Case Report
Mesenteric Venous Thrombosis in a Patient with Pancreatitis and Protein C Deficiency
Abstract
Mesenteric vein thrombosis is an uncommon manifestation of hypercoagulable states. A case is reported of superior mesenteric vein (SMV) thrombosis in a patient with pancreatitis and protein C deficiency. A discussion of SMV thrombosis identification, management, and outcomes is included. The patient presented with a significant history of alcohol abuse and constant, midepigastric abdominal pain associated with nausea and vomiting. Amylase and lipase were elevated, and the patient was treated for pancreatitis. His symptoms initially responded to intravenous fluid hydration, but soon his clinical picture worsened, with increased nausea and vomiting, abdominal pain, and distension.

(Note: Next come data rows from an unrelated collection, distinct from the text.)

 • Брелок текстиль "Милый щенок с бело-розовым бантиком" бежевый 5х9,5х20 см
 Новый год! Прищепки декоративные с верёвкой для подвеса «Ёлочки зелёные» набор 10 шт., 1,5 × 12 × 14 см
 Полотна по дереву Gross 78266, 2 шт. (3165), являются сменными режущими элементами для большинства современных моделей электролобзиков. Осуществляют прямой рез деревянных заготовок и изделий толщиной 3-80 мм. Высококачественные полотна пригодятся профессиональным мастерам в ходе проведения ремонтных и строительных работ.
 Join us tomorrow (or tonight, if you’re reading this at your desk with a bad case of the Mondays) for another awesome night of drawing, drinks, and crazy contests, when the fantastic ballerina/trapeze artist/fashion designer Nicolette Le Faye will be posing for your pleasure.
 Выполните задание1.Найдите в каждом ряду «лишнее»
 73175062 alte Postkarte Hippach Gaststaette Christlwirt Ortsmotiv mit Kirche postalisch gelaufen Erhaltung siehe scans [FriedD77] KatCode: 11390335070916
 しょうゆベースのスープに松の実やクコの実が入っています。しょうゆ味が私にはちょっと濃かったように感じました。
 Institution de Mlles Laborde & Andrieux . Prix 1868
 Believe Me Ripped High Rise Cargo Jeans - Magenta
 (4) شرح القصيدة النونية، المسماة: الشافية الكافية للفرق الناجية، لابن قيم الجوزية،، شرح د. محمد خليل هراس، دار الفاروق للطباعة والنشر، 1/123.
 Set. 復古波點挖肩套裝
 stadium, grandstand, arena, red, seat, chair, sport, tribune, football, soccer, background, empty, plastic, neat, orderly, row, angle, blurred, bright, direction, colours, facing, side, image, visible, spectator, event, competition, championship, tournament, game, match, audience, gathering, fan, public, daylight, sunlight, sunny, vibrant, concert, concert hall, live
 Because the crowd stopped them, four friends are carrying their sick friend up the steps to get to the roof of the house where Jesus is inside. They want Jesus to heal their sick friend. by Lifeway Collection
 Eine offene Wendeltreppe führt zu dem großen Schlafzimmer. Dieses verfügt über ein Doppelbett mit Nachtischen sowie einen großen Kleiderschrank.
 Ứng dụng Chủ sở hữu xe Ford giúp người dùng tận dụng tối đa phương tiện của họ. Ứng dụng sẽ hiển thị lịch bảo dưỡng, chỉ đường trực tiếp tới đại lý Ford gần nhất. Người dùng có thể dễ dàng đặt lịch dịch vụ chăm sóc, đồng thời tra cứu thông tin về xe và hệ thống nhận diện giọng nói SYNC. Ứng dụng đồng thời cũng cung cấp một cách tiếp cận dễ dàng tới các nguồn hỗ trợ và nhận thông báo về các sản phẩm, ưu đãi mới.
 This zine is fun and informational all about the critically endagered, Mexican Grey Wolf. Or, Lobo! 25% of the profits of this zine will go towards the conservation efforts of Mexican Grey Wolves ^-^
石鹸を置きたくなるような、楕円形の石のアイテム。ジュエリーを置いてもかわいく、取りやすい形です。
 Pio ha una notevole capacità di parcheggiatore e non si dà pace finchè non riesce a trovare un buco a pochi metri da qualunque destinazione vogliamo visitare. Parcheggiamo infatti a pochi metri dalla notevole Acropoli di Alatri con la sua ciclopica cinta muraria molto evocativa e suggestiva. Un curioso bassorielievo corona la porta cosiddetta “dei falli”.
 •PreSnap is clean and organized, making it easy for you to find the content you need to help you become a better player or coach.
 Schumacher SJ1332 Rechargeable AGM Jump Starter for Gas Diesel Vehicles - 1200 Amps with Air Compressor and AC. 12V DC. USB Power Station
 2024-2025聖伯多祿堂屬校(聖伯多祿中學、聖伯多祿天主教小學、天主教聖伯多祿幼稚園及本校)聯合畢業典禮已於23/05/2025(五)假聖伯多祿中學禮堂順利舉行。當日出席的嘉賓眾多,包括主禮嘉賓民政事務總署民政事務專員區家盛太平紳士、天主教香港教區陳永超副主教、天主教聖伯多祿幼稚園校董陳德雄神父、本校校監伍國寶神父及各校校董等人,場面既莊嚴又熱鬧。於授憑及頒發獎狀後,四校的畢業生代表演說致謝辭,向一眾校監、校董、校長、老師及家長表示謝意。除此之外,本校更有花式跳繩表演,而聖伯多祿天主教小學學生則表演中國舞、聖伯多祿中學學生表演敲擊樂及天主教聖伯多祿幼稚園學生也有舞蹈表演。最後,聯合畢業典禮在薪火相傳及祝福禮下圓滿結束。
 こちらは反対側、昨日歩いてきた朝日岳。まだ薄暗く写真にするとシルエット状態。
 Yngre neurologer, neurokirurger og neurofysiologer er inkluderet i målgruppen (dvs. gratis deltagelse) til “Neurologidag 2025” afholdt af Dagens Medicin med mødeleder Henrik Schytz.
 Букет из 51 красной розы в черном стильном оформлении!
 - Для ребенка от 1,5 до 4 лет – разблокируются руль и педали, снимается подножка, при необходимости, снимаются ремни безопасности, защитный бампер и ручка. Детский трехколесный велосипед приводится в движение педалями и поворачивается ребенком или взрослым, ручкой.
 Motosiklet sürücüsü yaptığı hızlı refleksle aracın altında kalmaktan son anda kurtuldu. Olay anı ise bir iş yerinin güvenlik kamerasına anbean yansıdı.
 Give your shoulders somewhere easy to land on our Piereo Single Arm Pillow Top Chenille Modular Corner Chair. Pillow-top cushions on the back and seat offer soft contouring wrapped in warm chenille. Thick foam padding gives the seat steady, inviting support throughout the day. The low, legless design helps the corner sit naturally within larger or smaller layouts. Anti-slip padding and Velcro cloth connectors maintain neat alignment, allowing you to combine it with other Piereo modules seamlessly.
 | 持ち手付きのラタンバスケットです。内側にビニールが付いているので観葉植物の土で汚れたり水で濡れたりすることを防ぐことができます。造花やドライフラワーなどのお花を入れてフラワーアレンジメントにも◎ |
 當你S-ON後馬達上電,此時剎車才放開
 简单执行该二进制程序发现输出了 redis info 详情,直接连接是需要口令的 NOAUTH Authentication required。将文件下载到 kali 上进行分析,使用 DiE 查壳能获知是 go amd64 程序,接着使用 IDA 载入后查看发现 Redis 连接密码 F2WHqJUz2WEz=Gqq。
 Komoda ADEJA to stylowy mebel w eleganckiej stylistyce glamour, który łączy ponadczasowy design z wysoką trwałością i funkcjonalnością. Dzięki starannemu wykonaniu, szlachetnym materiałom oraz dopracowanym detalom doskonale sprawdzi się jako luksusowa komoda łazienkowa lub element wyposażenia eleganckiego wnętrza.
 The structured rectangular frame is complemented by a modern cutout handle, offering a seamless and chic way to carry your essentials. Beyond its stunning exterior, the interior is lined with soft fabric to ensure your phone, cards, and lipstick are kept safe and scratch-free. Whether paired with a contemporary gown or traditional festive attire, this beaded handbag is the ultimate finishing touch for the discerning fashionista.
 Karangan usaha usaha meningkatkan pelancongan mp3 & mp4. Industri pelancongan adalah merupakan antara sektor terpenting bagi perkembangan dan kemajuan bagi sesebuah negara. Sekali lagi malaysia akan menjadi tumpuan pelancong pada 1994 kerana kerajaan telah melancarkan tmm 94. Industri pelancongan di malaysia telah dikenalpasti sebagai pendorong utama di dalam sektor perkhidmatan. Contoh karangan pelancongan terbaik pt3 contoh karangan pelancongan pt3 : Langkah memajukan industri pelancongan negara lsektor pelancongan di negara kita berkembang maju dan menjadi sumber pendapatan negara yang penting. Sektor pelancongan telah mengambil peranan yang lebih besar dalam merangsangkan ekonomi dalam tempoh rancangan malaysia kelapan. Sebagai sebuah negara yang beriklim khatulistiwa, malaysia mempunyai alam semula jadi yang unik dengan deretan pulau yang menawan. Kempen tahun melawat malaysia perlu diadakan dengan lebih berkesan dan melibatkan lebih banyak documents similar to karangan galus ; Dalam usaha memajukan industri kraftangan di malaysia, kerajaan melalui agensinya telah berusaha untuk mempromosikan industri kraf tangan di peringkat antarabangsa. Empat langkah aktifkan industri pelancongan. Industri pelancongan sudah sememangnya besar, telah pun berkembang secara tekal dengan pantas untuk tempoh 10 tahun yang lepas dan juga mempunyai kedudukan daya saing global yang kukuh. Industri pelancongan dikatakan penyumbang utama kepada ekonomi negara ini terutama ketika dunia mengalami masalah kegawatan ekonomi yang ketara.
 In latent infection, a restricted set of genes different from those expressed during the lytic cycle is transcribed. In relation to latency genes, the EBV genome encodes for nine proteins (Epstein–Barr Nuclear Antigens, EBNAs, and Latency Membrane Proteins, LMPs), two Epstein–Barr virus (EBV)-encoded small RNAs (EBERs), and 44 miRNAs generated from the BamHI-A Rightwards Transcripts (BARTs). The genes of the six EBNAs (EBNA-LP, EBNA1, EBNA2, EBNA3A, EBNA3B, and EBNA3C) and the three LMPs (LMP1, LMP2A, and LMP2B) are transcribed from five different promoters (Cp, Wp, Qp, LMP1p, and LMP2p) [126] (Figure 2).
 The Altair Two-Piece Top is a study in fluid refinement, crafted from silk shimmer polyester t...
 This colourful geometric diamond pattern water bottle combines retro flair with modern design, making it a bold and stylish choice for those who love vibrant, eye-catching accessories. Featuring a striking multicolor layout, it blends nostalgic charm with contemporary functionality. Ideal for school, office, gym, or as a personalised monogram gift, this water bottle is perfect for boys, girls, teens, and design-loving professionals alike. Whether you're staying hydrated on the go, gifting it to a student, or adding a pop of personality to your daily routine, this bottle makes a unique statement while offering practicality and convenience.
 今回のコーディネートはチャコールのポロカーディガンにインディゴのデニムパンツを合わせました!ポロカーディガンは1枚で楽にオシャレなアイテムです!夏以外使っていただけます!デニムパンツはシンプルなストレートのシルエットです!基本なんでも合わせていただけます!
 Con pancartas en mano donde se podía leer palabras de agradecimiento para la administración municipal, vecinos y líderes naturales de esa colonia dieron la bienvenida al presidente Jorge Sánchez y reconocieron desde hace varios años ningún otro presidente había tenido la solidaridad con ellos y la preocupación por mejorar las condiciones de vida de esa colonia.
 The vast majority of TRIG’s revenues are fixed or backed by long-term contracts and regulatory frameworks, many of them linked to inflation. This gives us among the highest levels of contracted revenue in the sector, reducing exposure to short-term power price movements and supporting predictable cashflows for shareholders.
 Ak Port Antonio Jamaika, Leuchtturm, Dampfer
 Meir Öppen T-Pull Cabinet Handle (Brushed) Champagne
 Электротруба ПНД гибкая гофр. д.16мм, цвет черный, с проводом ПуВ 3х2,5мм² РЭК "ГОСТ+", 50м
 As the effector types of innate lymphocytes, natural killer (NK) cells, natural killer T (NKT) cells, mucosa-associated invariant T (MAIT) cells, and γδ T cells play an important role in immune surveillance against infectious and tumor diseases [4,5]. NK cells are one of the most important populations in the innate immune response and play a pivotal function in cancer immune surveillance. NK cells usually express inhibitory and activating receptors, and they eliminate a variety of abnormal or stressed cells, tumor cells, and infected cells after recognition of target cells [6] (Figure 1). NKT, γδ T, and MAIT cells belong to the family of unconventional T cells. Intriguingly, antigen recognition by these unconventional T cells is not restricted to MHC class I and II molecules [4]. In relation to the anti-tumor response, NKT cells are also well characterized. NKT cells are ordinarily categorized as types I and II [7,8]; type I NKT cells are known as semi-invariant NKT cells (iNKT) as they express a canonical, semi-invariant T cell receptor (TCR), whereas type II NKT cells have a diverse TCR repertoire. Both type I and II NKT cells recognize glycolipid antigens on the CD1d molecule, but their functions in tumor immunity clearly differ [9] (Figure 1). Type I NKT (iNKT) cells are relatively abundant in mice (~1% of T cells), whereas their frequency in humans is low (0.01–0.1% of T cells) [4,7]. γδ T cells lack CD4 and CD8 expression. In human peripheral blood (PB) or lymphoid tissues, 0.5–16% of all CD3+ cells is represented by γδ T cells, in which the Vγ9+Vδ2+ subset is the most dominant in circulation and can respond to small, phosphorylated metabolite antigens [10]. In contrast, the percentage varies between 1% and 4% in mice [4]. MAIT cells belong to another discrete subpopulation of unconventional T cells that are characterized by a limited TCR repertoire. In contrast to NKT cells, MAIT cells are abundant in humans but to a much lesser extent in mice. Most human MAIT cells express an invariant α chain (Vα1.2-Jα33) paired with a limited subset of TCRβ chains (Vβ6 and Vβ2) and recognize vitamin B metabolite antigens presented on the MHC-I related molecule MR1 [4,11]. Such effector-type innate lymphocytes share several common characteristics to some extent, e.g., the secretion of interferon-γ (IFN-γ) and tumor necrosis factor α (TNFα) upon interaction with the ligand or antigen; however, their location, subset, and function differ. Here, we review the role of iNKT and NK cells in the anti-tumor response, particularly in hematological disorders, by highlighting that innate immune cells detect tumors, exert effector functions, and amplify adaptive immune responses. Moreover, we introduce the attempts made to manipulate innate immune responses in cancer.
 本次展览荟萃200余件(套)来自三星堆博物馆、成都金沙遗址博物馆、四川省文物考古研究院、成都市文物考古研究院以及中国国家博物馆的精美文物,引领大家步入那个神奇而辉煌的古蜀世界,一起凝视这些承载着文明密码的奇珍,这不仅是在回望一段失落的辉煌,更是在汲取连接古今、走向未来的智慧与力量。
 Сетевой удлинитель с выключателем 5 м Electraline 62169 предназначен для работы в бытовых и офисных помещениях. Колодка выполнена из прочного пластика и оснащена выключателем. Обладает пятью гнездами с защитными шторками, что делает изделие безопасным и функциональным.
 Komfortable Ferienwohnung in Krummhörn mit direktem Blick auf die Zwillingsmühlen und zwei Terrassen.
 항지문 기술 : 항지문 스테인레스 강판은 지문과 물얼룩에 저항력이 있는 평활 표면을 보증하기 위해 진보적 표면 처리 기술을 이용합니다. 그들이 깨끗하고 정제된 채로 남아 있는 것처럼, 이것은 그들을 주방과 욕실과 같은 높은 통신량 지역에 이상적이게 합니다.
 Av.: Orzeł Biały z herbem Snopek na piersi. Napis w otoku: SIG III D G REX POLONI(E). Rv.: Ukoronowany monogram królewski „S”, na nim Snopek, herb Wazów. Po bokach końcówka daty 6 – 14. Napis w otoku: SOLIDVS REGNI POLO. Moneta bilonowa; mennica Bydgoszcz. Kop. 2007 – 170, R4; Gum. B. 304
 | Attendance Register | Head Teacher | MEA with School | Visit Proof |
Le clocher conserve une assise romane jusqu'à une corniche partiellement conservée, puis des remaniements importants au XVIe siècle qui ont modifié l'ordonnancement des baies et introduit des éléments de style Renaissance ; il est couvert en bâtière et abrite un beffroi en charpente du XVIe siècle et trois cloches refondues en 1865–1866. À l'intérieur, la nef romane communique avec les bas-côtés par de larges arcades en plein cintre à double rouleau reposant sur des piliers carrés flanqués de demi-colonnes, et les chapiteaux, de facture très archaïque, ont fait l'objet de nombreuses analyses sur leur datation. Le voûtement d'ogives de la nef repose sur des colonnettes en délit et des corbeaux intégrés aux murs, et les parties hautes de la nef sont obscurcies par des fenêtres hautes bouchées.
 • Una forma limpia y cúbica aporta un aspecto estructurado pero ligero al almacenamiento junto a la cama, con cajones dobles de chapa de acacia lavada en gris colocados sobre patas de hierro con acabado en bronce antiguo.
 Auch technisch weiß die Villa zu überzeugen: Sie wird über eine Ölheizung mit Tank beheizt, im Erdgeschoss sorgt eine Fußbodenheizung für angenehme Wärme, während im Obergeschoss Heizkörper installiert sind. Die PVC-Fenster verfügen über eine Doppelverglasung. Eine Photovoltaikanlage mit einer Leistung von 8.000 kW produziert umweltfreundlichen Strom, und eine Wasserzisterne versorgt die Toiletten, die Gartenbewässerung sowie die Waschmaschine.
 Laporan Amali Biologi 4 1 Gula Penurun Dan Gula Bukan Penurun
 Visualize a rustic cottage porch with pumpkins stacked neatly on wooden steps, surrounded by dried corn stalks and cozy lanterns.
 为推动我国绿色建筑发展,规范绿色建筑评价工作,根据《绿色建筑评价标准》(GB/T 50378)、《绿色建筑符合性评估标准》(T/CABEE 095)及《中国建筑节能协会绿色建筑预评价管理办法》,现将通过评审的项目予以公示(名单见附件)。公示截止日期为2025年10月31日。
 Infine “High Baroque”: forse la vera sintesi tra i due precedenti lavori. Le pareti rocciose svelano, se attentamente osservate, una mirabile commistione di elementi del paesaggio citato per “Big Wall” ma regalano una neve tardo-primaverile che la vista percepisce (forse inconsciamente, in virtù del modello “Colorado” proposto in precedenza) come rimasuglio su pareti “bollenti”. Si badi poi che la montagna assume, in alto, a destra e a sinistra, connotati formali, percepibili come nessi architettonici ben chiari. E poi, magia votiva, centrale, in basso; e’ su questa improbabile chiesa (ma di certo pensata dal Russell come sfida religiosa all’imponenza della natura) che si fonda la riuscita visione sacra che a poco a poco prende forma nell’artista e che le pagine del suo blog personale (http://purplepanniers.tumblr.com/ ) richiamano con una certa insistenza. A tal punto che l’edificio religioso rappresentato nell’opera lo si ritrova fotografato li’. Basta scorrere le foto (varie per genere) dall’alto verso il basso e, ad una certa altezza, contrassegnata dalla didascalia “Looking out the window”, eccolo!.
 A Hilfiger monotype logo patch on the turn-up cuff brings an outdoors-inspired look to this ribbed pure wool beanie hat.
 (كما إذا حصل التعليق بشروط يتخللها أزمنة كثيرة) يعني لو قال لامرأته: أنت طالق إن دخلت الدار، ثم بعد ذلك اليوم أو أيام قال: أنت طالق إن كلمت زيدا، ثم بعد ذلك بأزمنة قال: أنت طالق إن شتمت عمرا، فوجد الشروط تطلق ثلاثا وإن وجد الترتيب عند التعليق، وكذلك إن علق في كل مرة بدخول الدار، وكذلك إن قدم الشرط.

Contrasted computed tomography of the abdomen revealed SMV thrombosis. A hypercoagulable workup revealed protein C deficiency. After a 3-month course of oral anticoagulant therapy, the SMV thrombosis resolved.
Key Points
* A high index of suspicion must be maintained for superior mesenteric vein thrombosis in a patient with vague abdominal pain and appropriate risk factors.
* The key to successful treatment and best prognosis is early recognition of disease and initiation of anticoagulation.
* Therapeutic anticoagulation for at least 3 months is required for resolution of superior mesenteric vein thrombosis.